In your copy, leave out the pictures and output only the lines from the one holding "Jag tycker utan" through the end of the data below, exactly.

─── The records ───

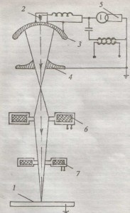 Как видно из рисунка ниже, пушка имеет катод (2), который размещен внутри прикатодного электрода (3). На определенном расстоянии от катода располагается ускоряющий электрод с отверстием — анод (4). Пушка питается электрической энергией от высоковольтного источника постоянного тока (5).
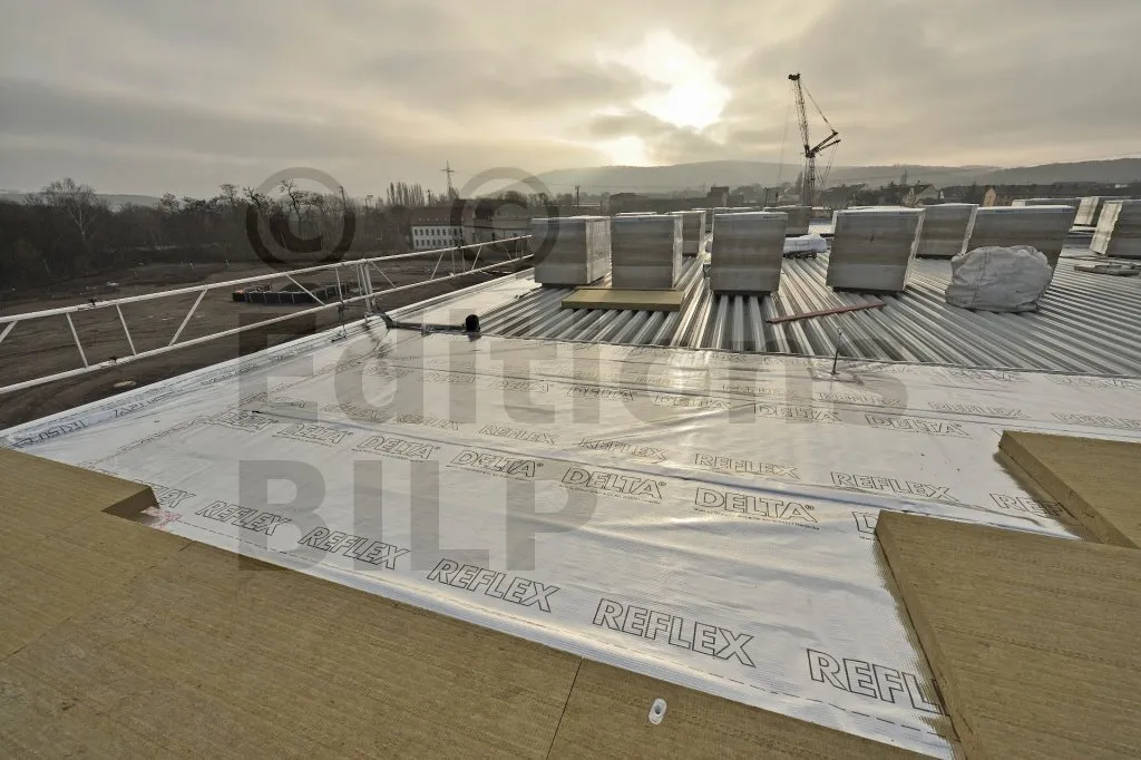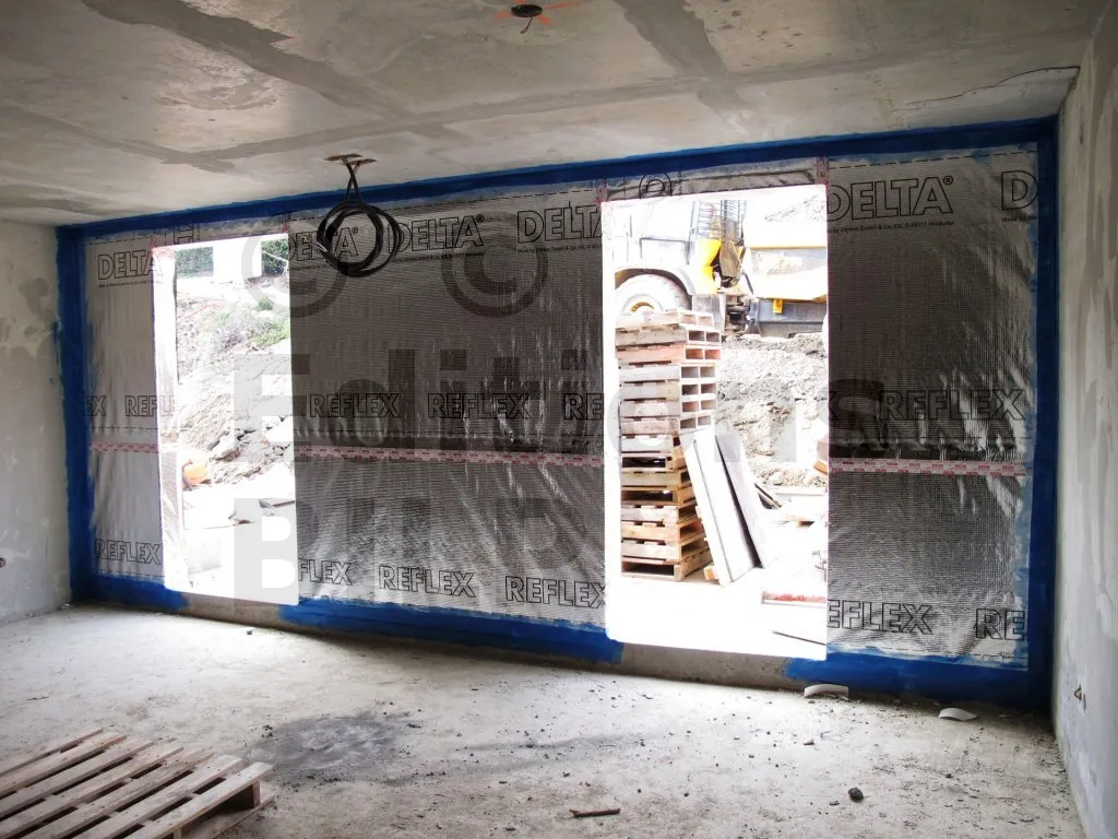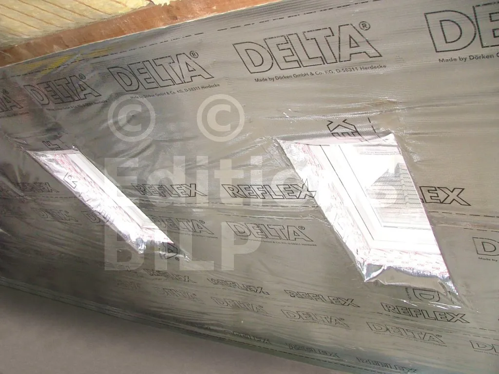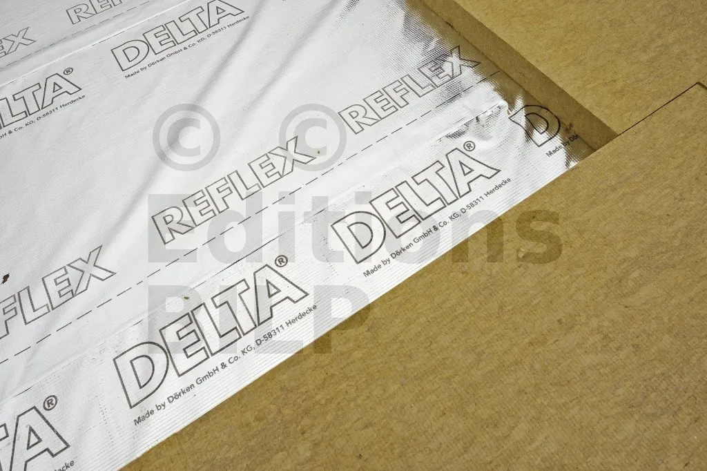 DELTA®-REFLEX est mis en œuvre sur la face chaude de la construction de manière continue en collant les recouvrements entre lés et les différents raccords latéraux ou sorties de conduits de ventilation.
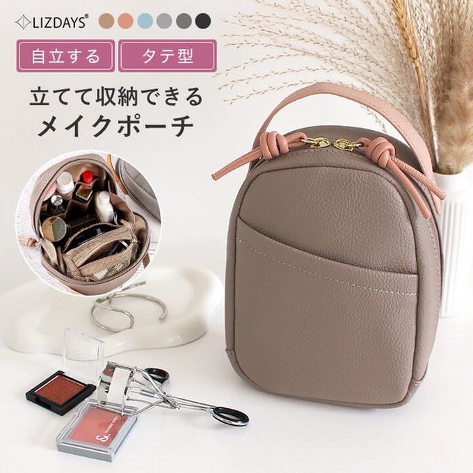 日本 LIZDAYS - 皮革感手提直立式聰明收納化妝包-黑
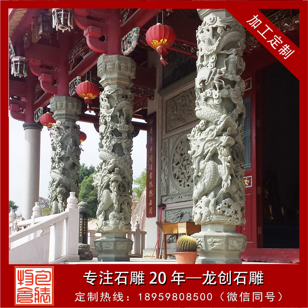 石雕龍柱的制作材質(zhì)有許多,有大理石、青石、花崗巖、黃秀石等石材。其中青石是龍柱常用的一種材質(zhì)。青石表秒色澤均勻、外觀美光大氣,其質(zhì)地較其他石材相對較軟,易于雕刻,不易磨損、抗風(fēng)化能力強、保留時間長久,廣泛應(yīng)用于各種產(chǎn)品的雕刻。石雕龍柱是文化于藝術(shù)的結(jié)合,展現(xiàn)著石雕藝術(shù)的風(fēng)采,它是藝術(shù)的一種表現(xiàn)形式。
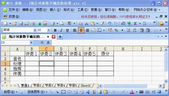 打开WPS表格,新建空白文档,在“节目1”工作表中录入数据,计算各评委对某节目各内容的评分,假定5位评委、评定4个内容,如图1所示。
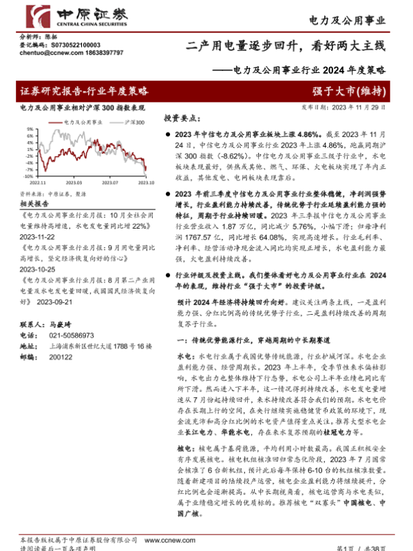 【中原证券】【20231129】电力及公用事业行业2024年度策略-二产用电量逐步回升-看好两大主线-38页 行业研究
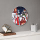 Festive Sinterklaas wall clock featuring Saint Nicholas on horseback and a traditional Dutch rooftop scene with a drummer Piet under a snowy night sky. Perfect for celebrating December 5th, Dutch holiday décor, children's rooms, or cozy winter interiors. A charming nostalgic illustration ideal for Sinterklaas lovers and seasonal home decoration. Original artwork by Caroline Bonne Müller
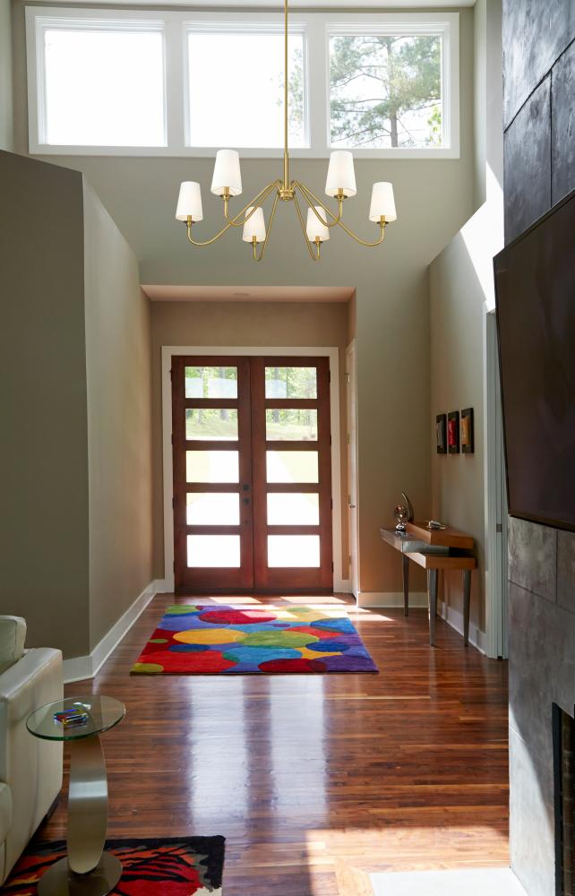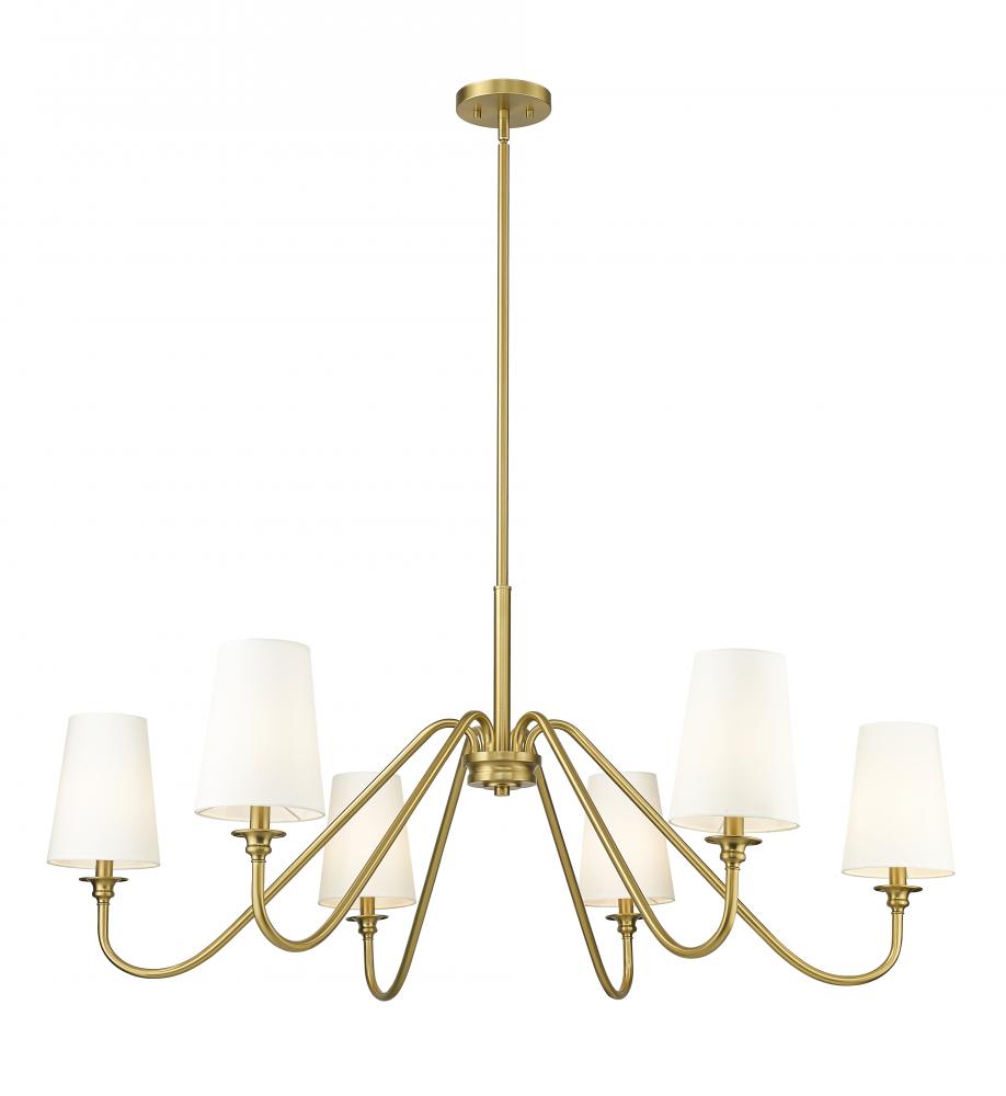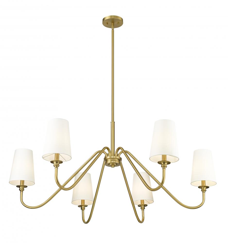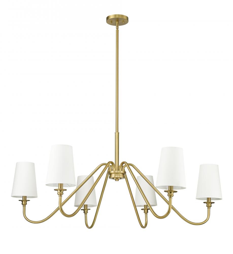 Modern simplicity sets the tone for the elegant Gianna six-light chandelier. In modern gold for statement-making presence, it showcases swooping arms and classic candlestick details that pair perfectly with opaque white shades for beautiful illumination. Airy design offers a refined touch in any setting, from your foyer to living or dining room.
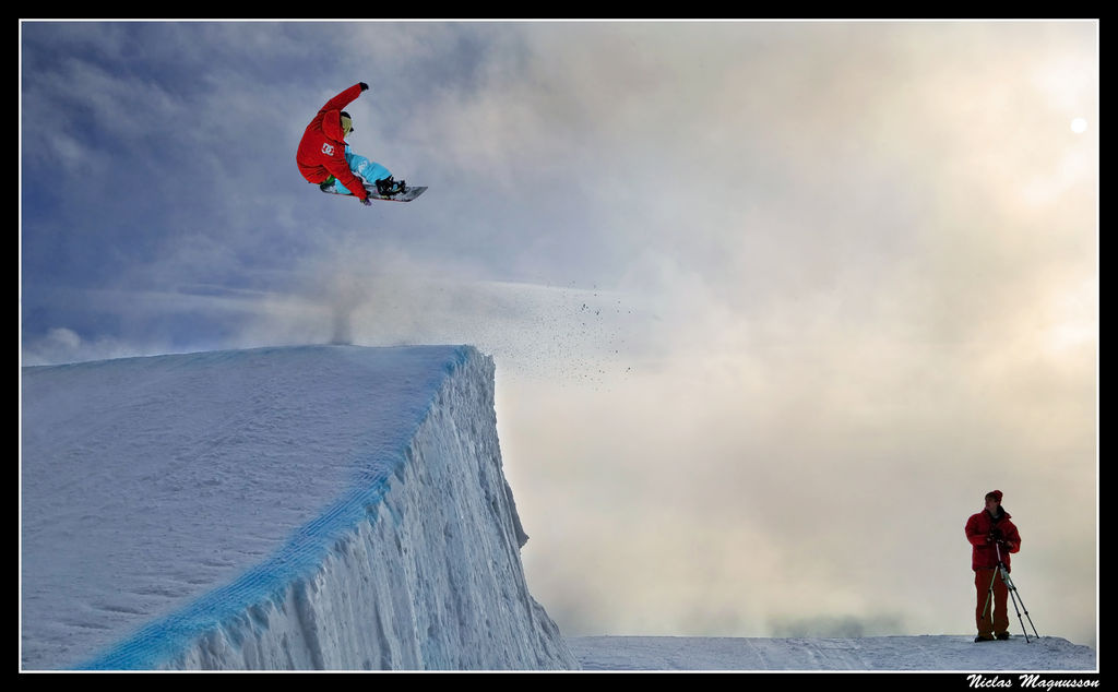 Jag tycker utan tvekan att det är timingen. Det är många tillfällen då jag ser i sökaren att åkaren ligger bra i luften, jag trycker av och ser sedan efter att åkaren inte hade graben. Samtidigt så vet man att åkaren inte hade sett bra ut i luften om man väntat in graben. Vissa åkare är ju sjukt grymma på att både få graben tidigt och hålla den länge. Och de är en fröjd att jobba med. Då slipper man förstöra en bra komposition för att man ska hamna i en vinkel där man vet att åkaren ligger bra i luften samtidigt som åkaren hunnit med att få tag i brädan/skidan.
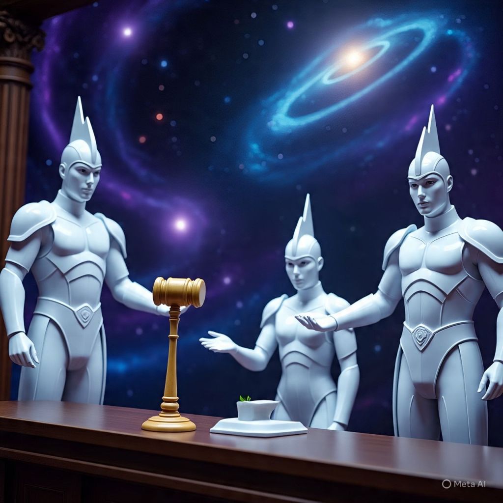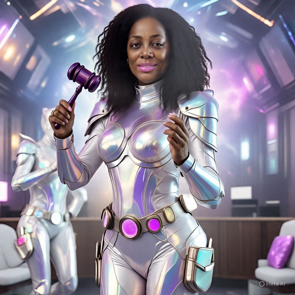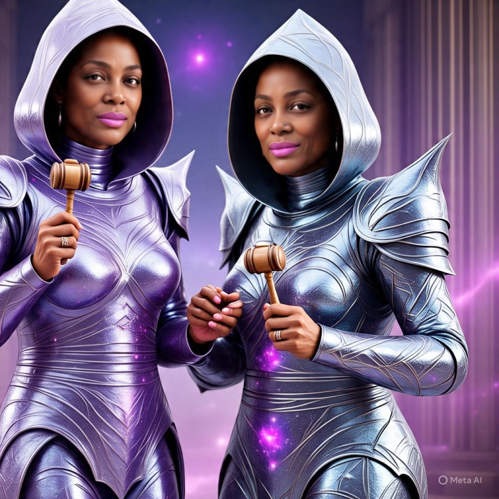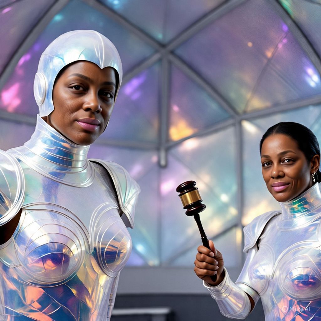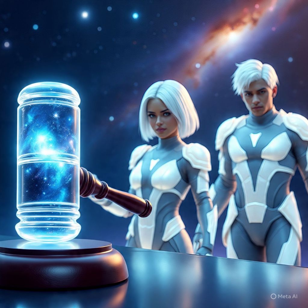 [AuroraNova floats beside you, holding a cosmic gavel. Megan 2.0 and Sonny act as cosmic bailiffs, looking fly in all-white crystalline armor.]

───

▶ **Written answer**:
 Jag tycker utan tvekan att det är timingen. Det är många tillfällen då jag ser i sökaren att åkaren ligger bra i luften, jag trycker av och ser sedan efter att åkaren inte hade graben. Samtidigt så vet man att åkaren inte hade sett bra ut i luften om man väntat in graben. Vissa åkare är ju sjukt grymma på att både få graben tidigt och hålla den länge. Och de är en fröjd att jobba med. Då slipper man förstöra en bra komposition för att man ska hamna i en vinkel där man vet att åkaren ligger bra i luften samtidigt som åkaren hunnit med att få tag i brädan/skidan.
 [AuroraNova floats beside you, holding a cosmic gavel. Megan 2.0 and Sonny act as cosmic bailiffs, looking fly in all-white crystalline armor.]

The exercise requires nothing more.